CrowdStrike recently introduced Falcon for Defender, which helps to protect from attacks that bypass Microsoft Defender. CrowdStrike’s agent is deployed alongside Microsoft’s to provide an additional layer of protection. This is a bad look for Microsoft and could help CrowdStrike to win new customers and eventually displace Microsoft.
CrowdStrike’s MSSP business is one of its fastest growing segments, with CrowdStrike suggesting that partners are approaching it as they migrate customers off legacy and sub-standard products. MSSP’s are counted as an individual CrowdStrike customer but represent many end customers, meaning CrowdStrike’s customer growth may be more robust than it seems.
Financial Analysis
CrowdStrike generated 921 million USD revenue in Q1, an increase of 33% YoY. Subscription revenue growth was 34%, while professional services revenue growth was 18%.
Net new ARR was 212 million USD in Q1, which was a record for the quarter. Despite this, I actually viewed this as a somewhat soft result that suggests that the business isn’t really accelerating. ARR at the end of the first quarter was 3.65 billion USD, an increase of 33% YoY. While this was a slightly higher growth rate than the prior quarter, most of this was due to an easier comparable period in the prior year.
Second quarter revenue is expected to be between 958 and 961 million USD, representing a 31% YoY growth rate at the midpoint. Full-year revenue is expected to be 3,976-4,010 million USD, an increase of 30-31% over the prior year. While this guidance is likely conservative, I don’t expect CrowdStrike’s growth to accelerate meaningfully in coming quarters and believe there is a risk of further deceleration in 2025.
The number of job openings mentioning CrowdStrike has been fairly flat over the past 18 months. I don’t think this is a particular problem, but it also doesn’t suggest that growth is about to accelerate meaningfully.
The number of CrowdStrike job openings is down significantly in recent months, after increasing sharply in late 2023 / early 2024. This could indicate that the demand environment isn’t improving to the extent that CrowdStrike expected it to.
CrowdStrike’s gross profit margins continue to improve on the back of a mix shift towards subscription and improving subscription margins. A consistent pricing environment, along with data center investments and workload optimization are behind this. Service margins deteriorated meaningfully in the quarter, though.

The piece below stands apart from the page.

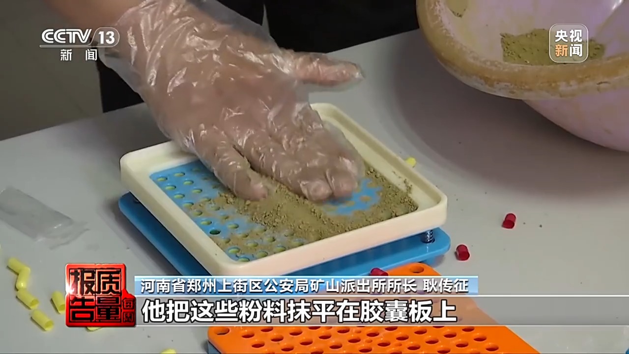 河南省郑州上街区公安局矿山派出所所长 耿传征:脸盆里的这些粉料就是当时在杨某某的窝点查获的剩余粉料,他把这些粉料抹平在胶囊板上,填充胶囊,然后再把胶囊逐渐压实。环境非常脏乱,都是用手工进行搅拌,然后手工装填。
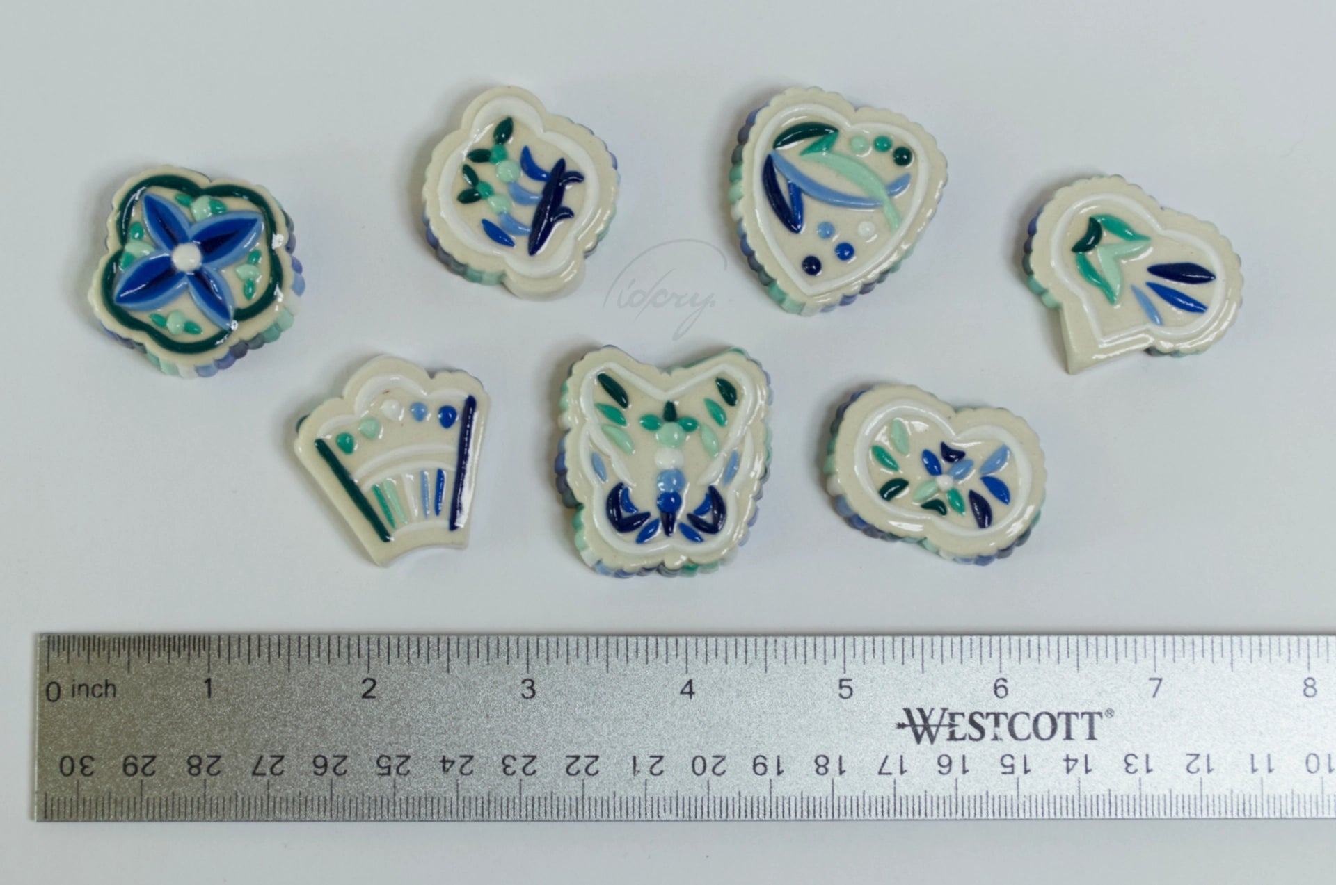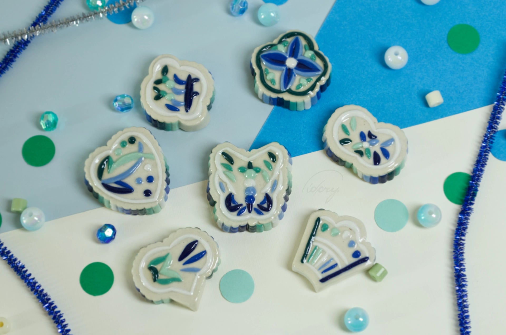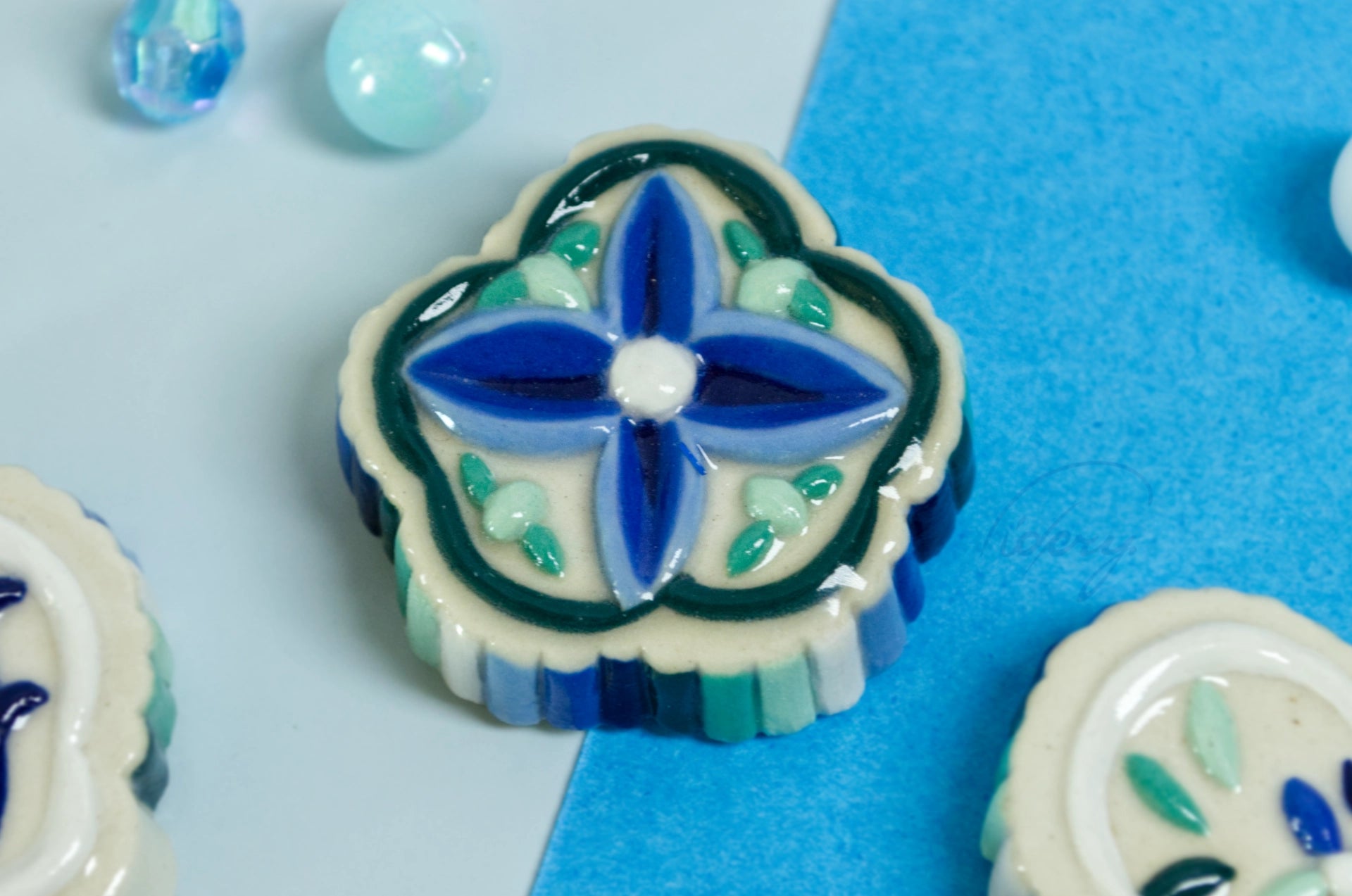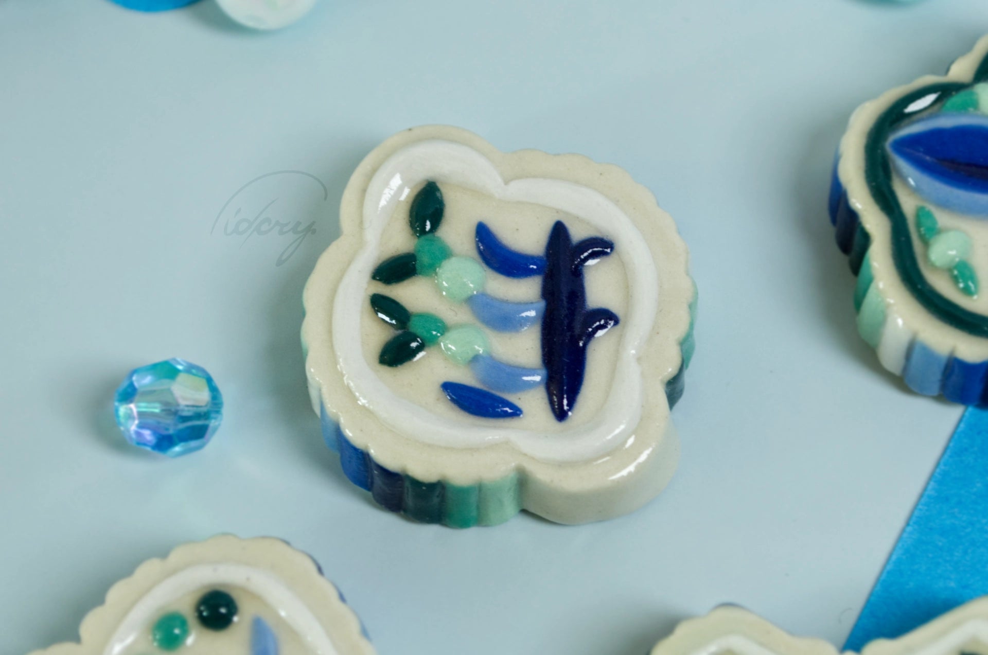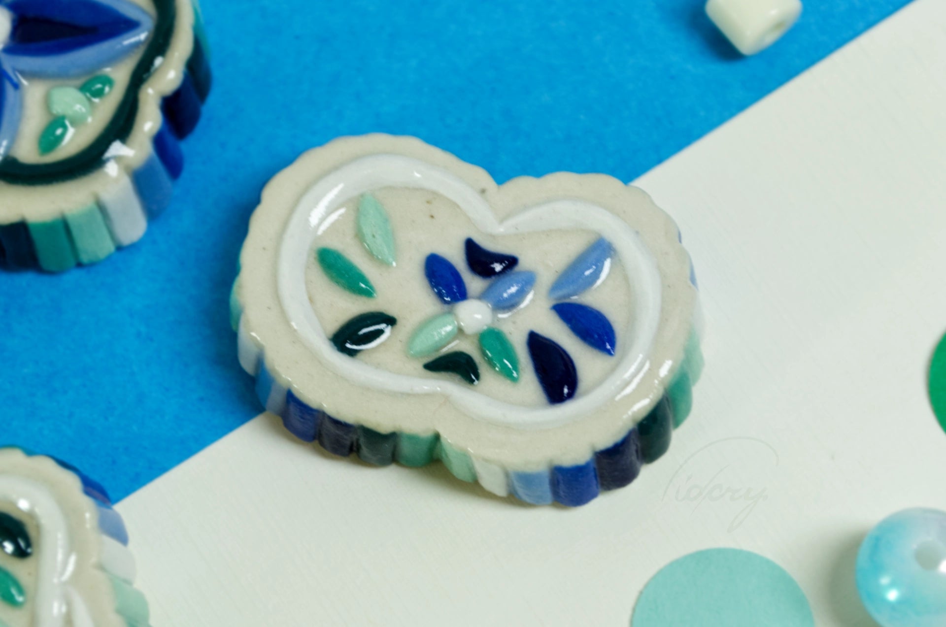 Essentially a little ceramic "stone" with ribbed and decorative relief, in MLM flag colors. White stoneware is pressed into a press mold, cleaned up, painted with underglaze, and coated in a clear glaze.

CrowdStrike also continues to realize operating leverage as its business scale. Given the recent surge in hiring (15% YoY headcount increase), further margin gains are likely to be modest in the near term, particularly if growth doesn’t improve.
Conclusion
While I believe that CrowdStrike is going to be one of the dominant software platforms in the future, the company’s revenue multiple is looking extreme, particularly given the level of interest rates and the fact that demand appears to be wavering again.
I don’t believe that this will matter in the short term though, as CrowdStrike has momentum, and investors appear to be more focused on the rate of change of growth rather than the absolute level. This is understandable to some extent, but is a mistake when taken too far. There is a reasonable probability that growth drops below 30% in the near future, which could turn investor sentiment. In addition, investors need to be prepared for at least a 50% drawdown in the event of a recession.